(Records from a dataset)

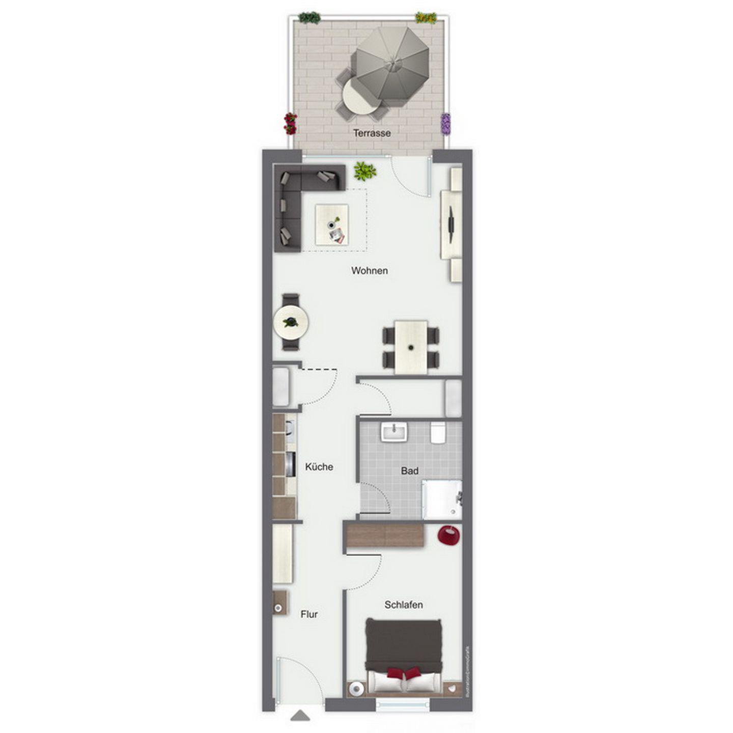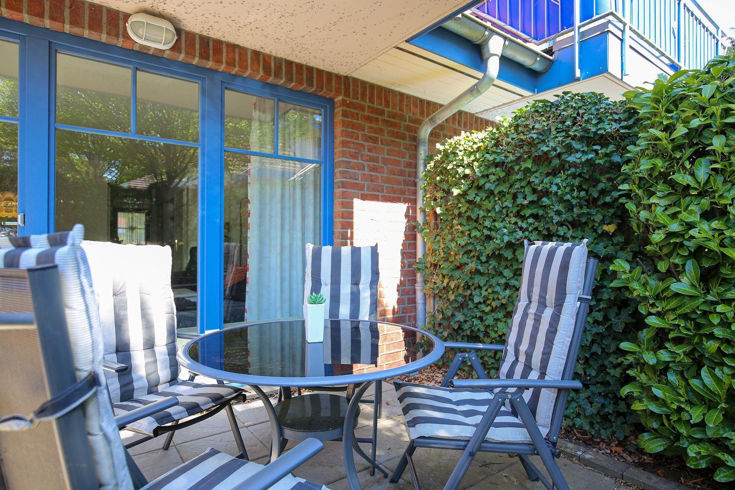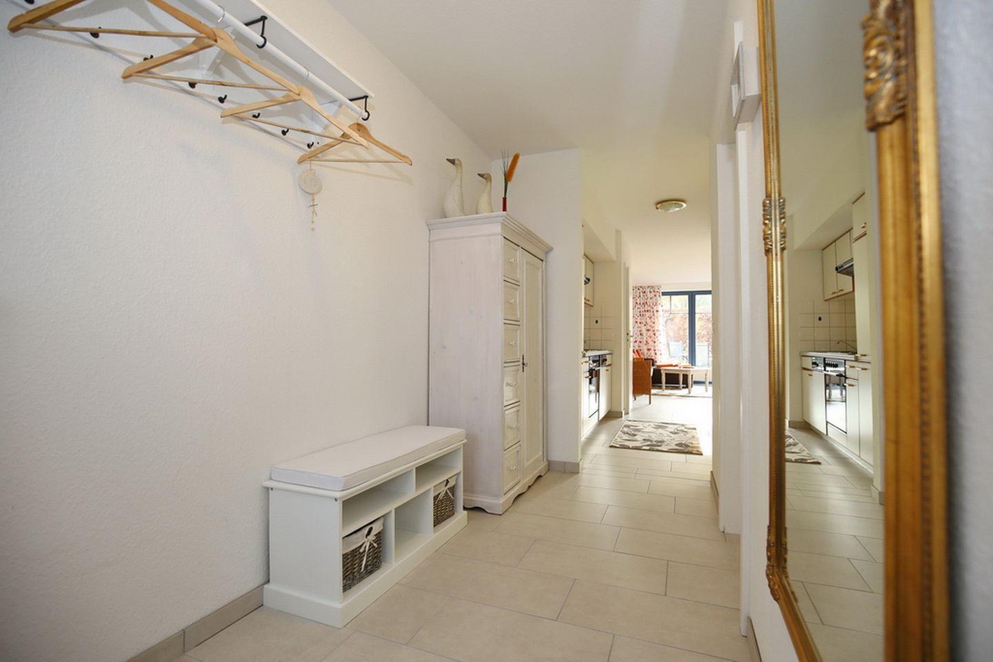Du bewohnst auf 55 qm² ein schönes 2-Zimmerappartment mit Terrasse in Süd-West Lage. Die Wohnung verfügt über einen Wohn- und Essbereich, eine Küchenzeile, ein Schlafzimmer und ein Duschbad. Die Entfernung zum Strand beträgt ca. 250 m.
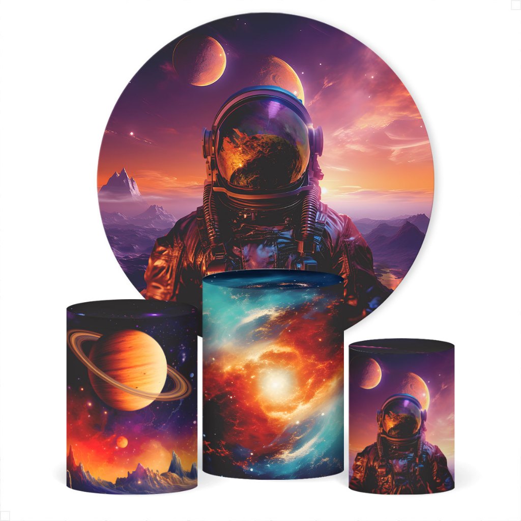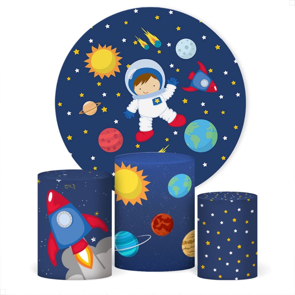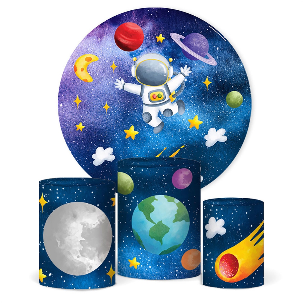 Kit Painel Redondo Astronauta + Trio Capas Cilindro Em Tecido C/Elástico
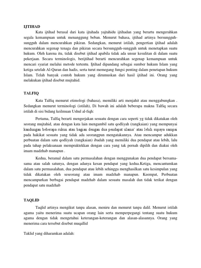 Makalah Ittiba Talfiq taqlid dan Tarjih. Sumber hukum dalam islam ada yang disepakati muttafaq para ulama dan. Ijtihad Madzhab Taqlid dan Talfiq.
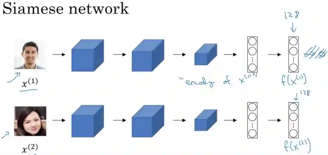 基本上,回答这个问题,你应该先描述一下 One Shot learning 来进行人脸识别的方法一般性方法。它可以简单地理解为将每个人脸转换成一个向量,而新的人脸识别是寻找与输入人脸最接近(最相似)的向量。通常,人们会使用 triplet loss 损失函数的深度学习模型来实现这一点。
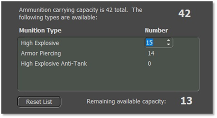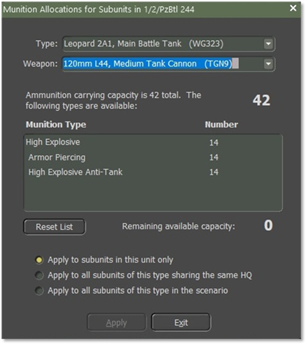 5. We know that the total amount of ammo for this Leopard 2A1 is 42. But I want to change the amount of ammo for, for example, I want to remove the High Explosive Anti-Tank rounds from 14 to 0. To do that you must highlight the type of ammo and then highlight the number of rounds in this case 14. Using the drop-down arrows, you can make the changes. I elected to reduce it to 0. When doing so the “Remaining available capacity will change from 0 to 14 as shown in Figure 116. Select the ammo on which you want to add and then select the number of rounds and up and down arrows which will add the amount of ammo and the remaining available capacity will change.

== Problem details ==
Begin with the first line of the records and repeat every line up to the one with "Kit Painel Redondo", counting that line too. Pictures are not part of the copy.

== Answer to the problem ==
Du bewohnst auf 55 qm² ein schönes 2-Zimmerappartment mit Terrasse in Süd-West Lage. Die Wohnung verfügt über einen Wohn- und Essbereich, eine Küchenzeile, ein Schlafzimmer und ein Duschbad. Die Entfernung zum Strand beträgt ca. 250 m.
 Kit Painel Redondo Astronauta + Trio Capas Cilindro Em Tecido C/Elástico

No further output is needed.